*** Opening Input ***
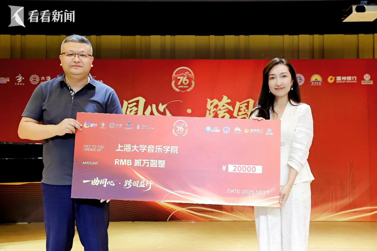 音乐会启幕前,一场温馨的捐赠仪式率先温暖现场。大场镇向上海大学音乐学院捐赠资金与物资,专项用于支持中外青年文化交流与艺术教育公益项目,践行“跨国益行”初心。据悉,本次音乐会所筹集的公益资源将用于打造“跨国文化公益课堂”,由上海大学留学生担任志愿教师,为社区儿童提供“外语+艺术”双轨教学,并定期举办“中外文化沙龙”,让跨文化交流融入日常。
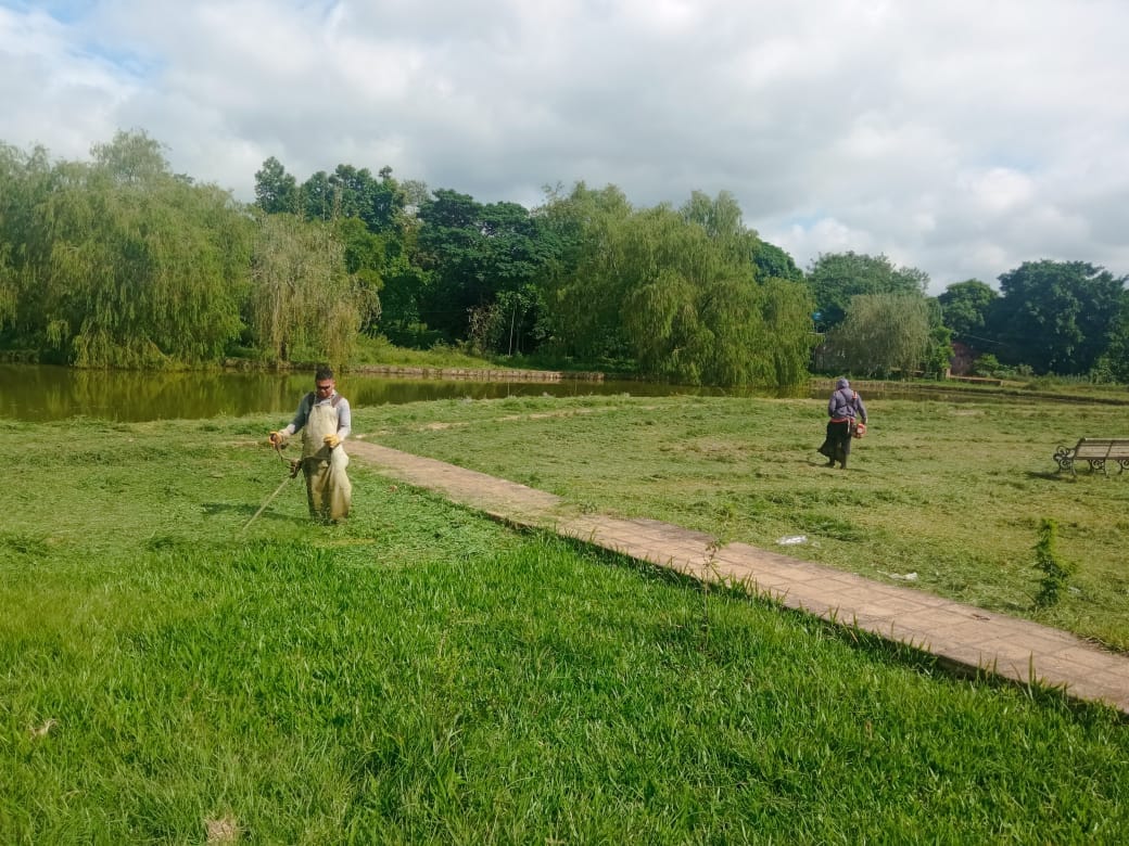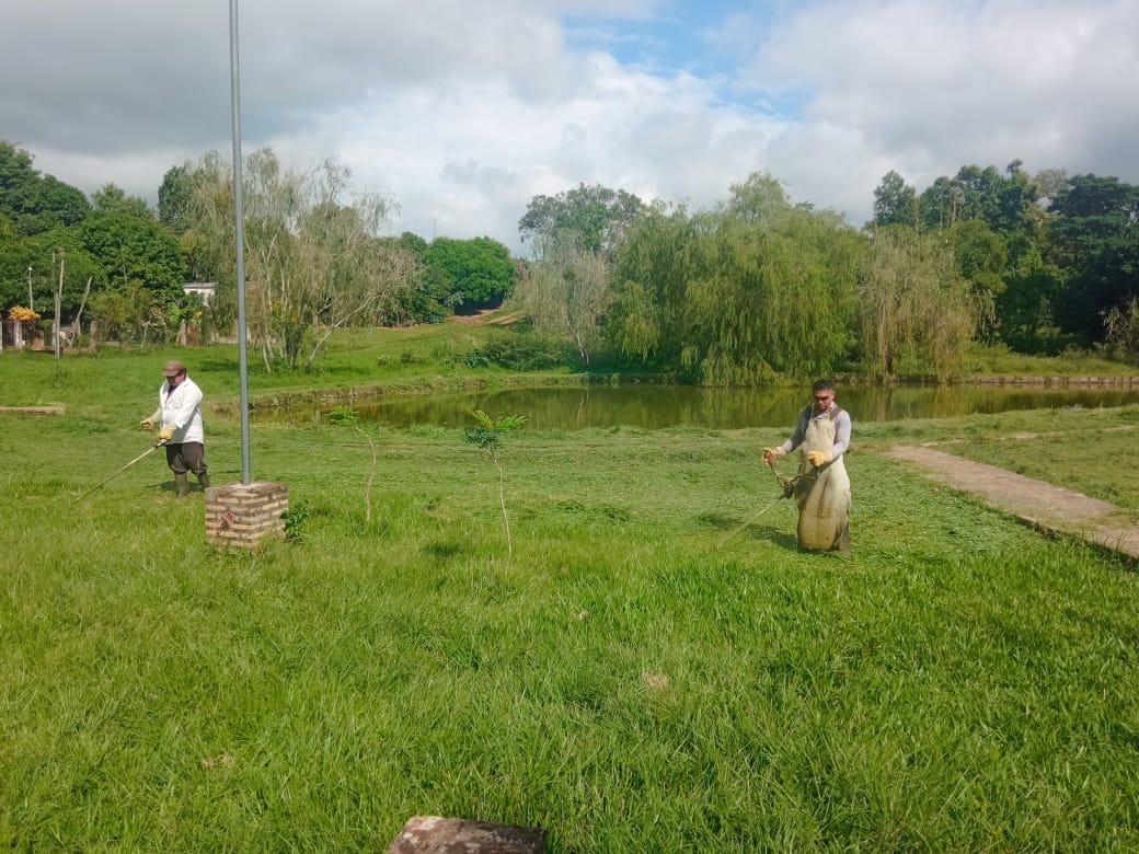 Limpieza y corte de pasto por cuadrilla de la Intendencia Municipal
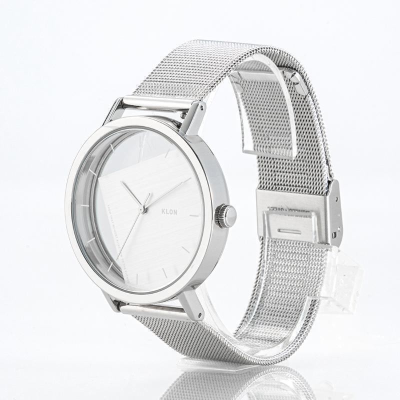 モノトーンを基調にしたスタイリッシュなデザインが人気の「KLON」。円形の文字盤に斜めの四角を重ねたデザインは、KLONならではの美しさを感じさせます。
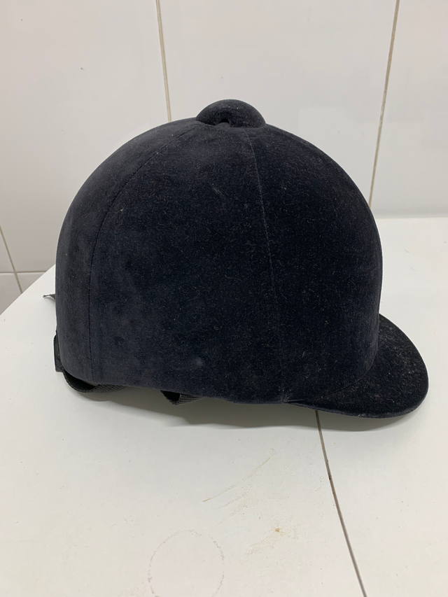 Casco de equitación de terciopelo negro para niño de 9 a 12 años - Cubierta de terciopelo. - Correa ajustable.
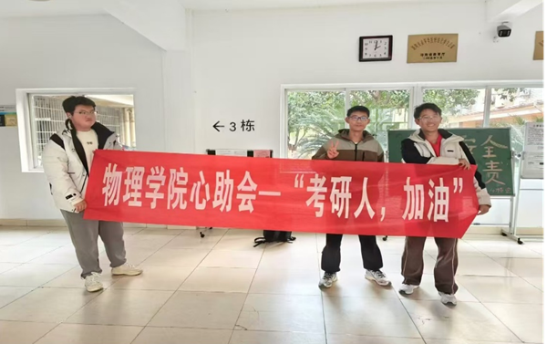 12月18日,物理学院心助会在中南大学南校区升华学生公寓举办考研加油活动,心助会成员和物理院即将考研的同学参与此次活动。
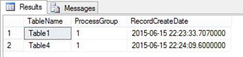 Since the stored procedures dbo.InsTable1 and dbo.InsTable4 were run serially, with dbo.InsTable1 going first, the RecordCreateDate for Table1 is earlier than that of Table4. Later, when we run all process groups, the RecordCreateDate will be the proof that the TARDIS solution works. The reason is that of the stored procedures, InsTable1 thru InsTable6, four of them have some manner of delay in their processing. For example, InsTable1 has the following definition:
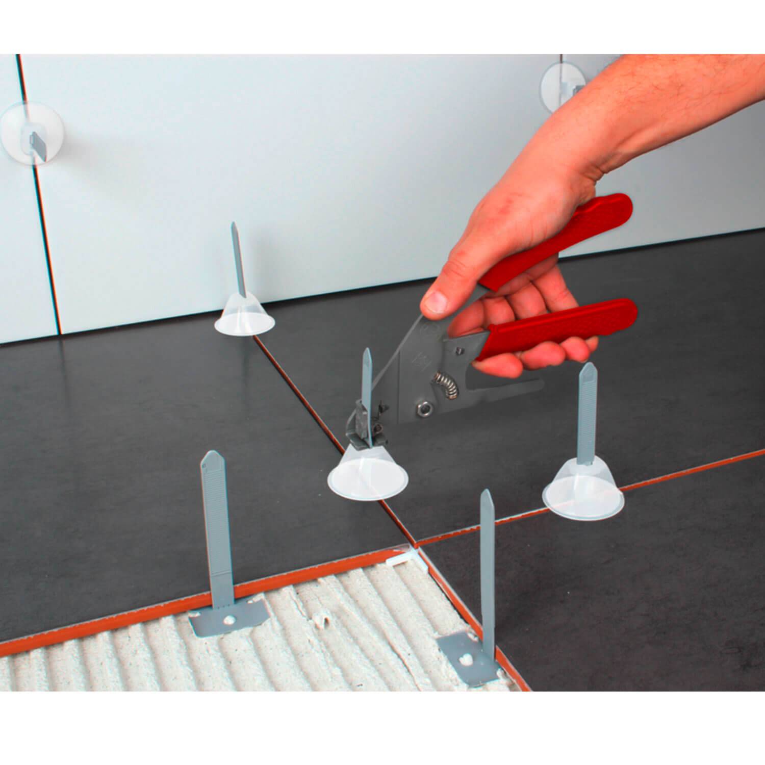 Колпачковая – в ней клинья из пластика оснащены фиксирующим замком внутри. Их используют для плит с толщиной 0.5-2.5 см. Они представляют собой рифленый одноразовый стержень и прижимной колпачок с зажимом. Для стяжки плитки такой системой требуется дополнительное устройство, которое идет в комплекте или его можно купить отдельно
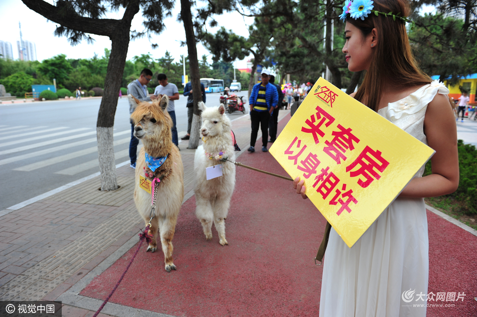 2016年6月5日,在山東省日照市海曲中路海曲公園門口,兩名美女每人牽著一頭“神獸”羊駝在路邊遛彎,并手舉“買套房以身相許”的牌子向路人展示,吸引了眾多市民圍觀拍照。
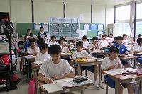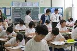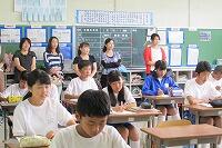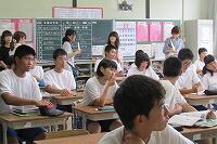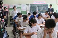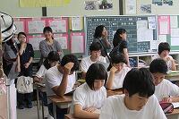 1年生が小学校6年生時の担任の先生方に、1年生の授業を見ていただきました。生徒も先生方もうれしそうでした。
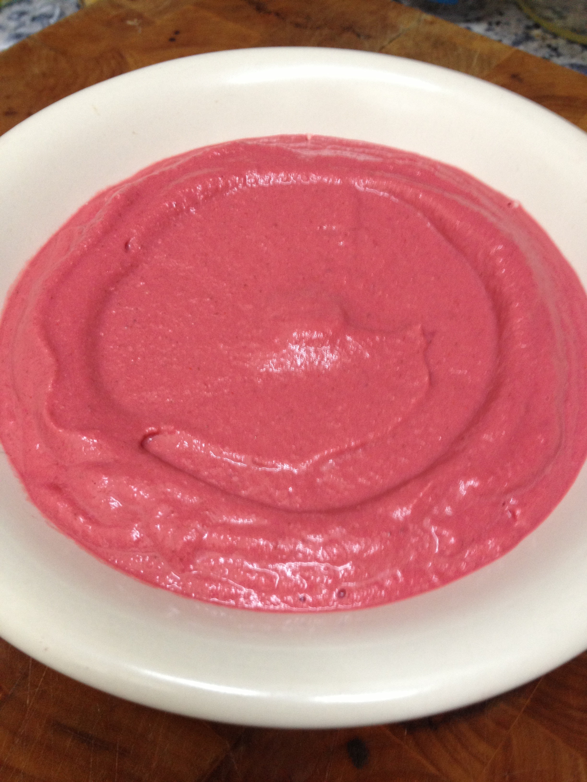 Una vez incorporado el aceite ponemos en un recipiente, tapamos con papel film y reservamos en la nevera un par de horas para que coja todo su sabor (si vas con el tiempo pegado, lo puedes poner nada más sacar de la batidora, pero no será lo mismo)
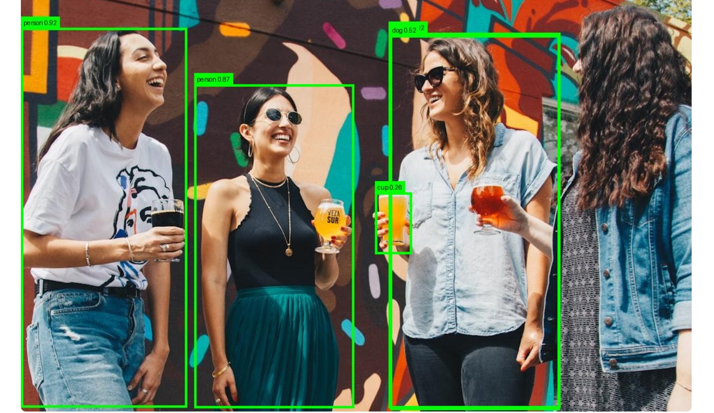 Object detection is performed using the YOLO (You Only Look Once) family of models, allowing the system to identify and localize multiple objects such as people, vehicles, animals, and everyday street scenes in a single pass. Users can dynamically switch between different YOLO model sizes to balance speed and accuracy, and optionally toggle confidence scores in the detection output.
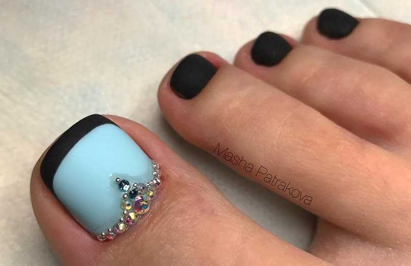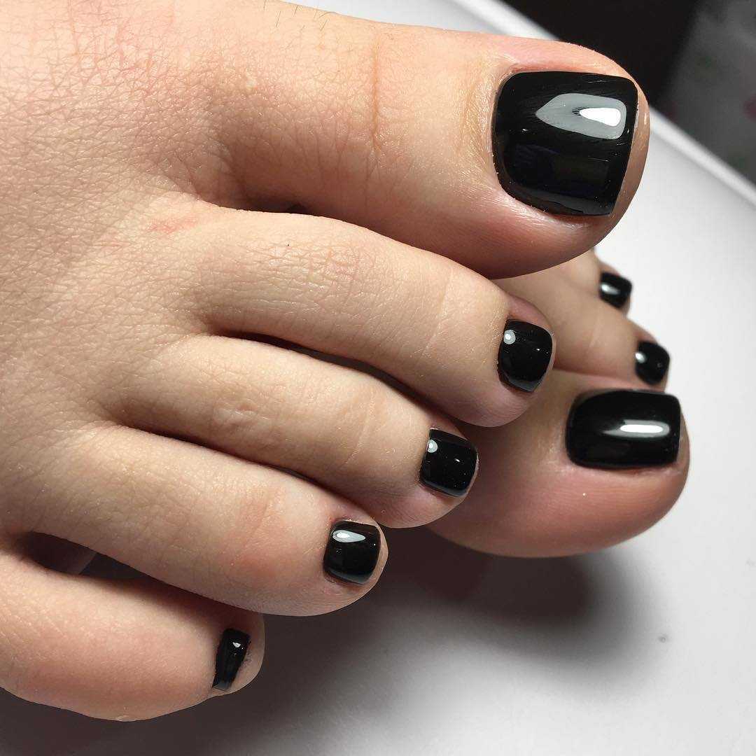 Как уже говорилось выше, не теряет свой популярности черно-белый педикюр. Также очень стильно смотря ноготки, покрытые черным лаком, однако, в этом случае стоит учитывать тот факт, что это самый «капризный» цвет, который требует особого обращения. Лучше всего сделать гелевый педикюр, чтобы не создать эффект грязных ногтей. А для вечернего образа, стоит украсить такой педикюр сверкающими стразами или утонченными бусинками.
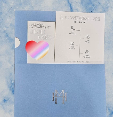 Thiệp cưới thanh lịch có tông màu xanh dương chủ đạo, lấy cảm hứng từ thời trang và âm nhạc với hình ảnh cặp đôi và phím đàn piano. Thiệp có chữ "H" và "M" (tên viết tắt của cô dâu, chú rể) đan xen.
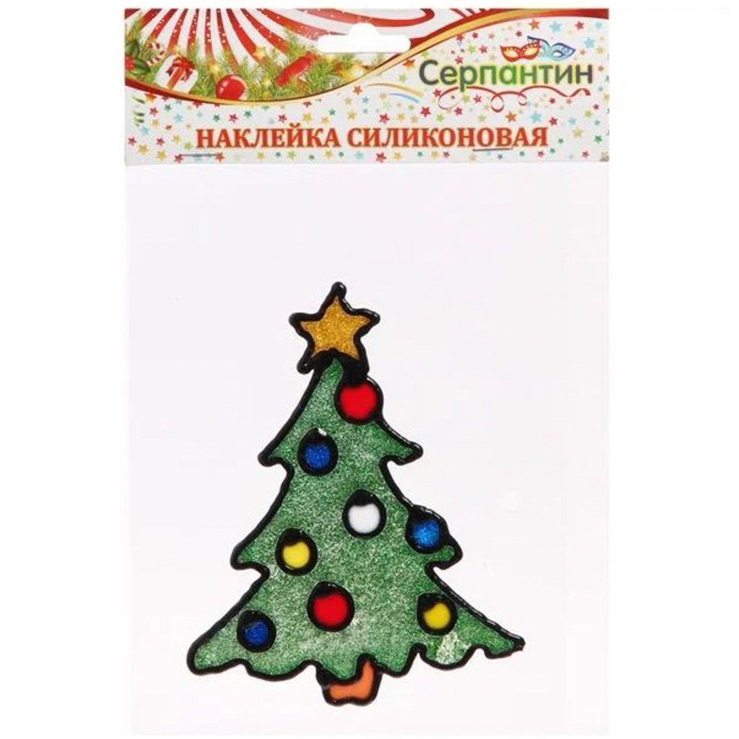 Наклейка на стекло 15*18 см, «Елочка с шариками»
*** Closing Input ***
## Problem to solve
Exactly reproduce the lines above, starting at the one that contains "12月18日,物理学院心助会" and ending at the one that contains "Object detection is", both inclusive; leave the pictures out and add no other lines.

## Finished exercise
 12月18日,物理学院心助会在中南大学南校区升华学生公寓举办考研加油活动,心助会成员和物理院即将考研的同学参与此次活动。
 Since the stored procedures dbo.InsTable1 and dbo.InsTable4 were run serially, with dbo.InsTable1 going first, the RecordCreateDate for Table1 is earlier than that of Table4. Later, when we run all process groups, the RecordCreateDate will be the proof that the TARDIS solution works. The reason is that of the stored procedures, InsTable1 thru InsTable6, four of them have some manner of delay in their processing. For example, InsTable1 has the following definition:
 Колпачковая – в ней клинья из пластика оснащены фиксирующим замком внутри. Их используют для плит с толщиной 0.5-2.5 см. Они представляют собой рифленый одноразовый стержень и прижимной колпачок с зажимом. Для стяжки плитки такой системой требуется дополнительное устройство, которое идет в комплекте или его можно купить отдельно
 2016年6月5日,在山東省日照市海曲中路海曲公園門口,兩名美女每人牽著一頭“神獸”羊駝在路邊遛彎,并手舉“買套房以身相許”的牌子向路人展示,吸引了眾多市民圍觀拍照。
 1年生が小学校6年生時の担任の先生方に、1年生の授業を見ていただきました。生徒も先生方もうれしそうでした。
 Una vez incorporado el aceite ponemos en un recipiente, tapamos con papel film y reservamos en la nevera un par de horas para que coja todo su sabor (si vas con el tiempo pegado, lo puedes poner nada más sacar de la batidora, pero no será lo mismo)
 Object detection is performed using the YOLO (You Only Look Once) family of models, allowing the system to identify and localize multiple objects such as people, vehicles, animals, and everyday street scenes in a single pass. Users can dynamically switch between different YOLO model sizes to balance speed and accuracy, and optionally toggle confidence scores in the detection output.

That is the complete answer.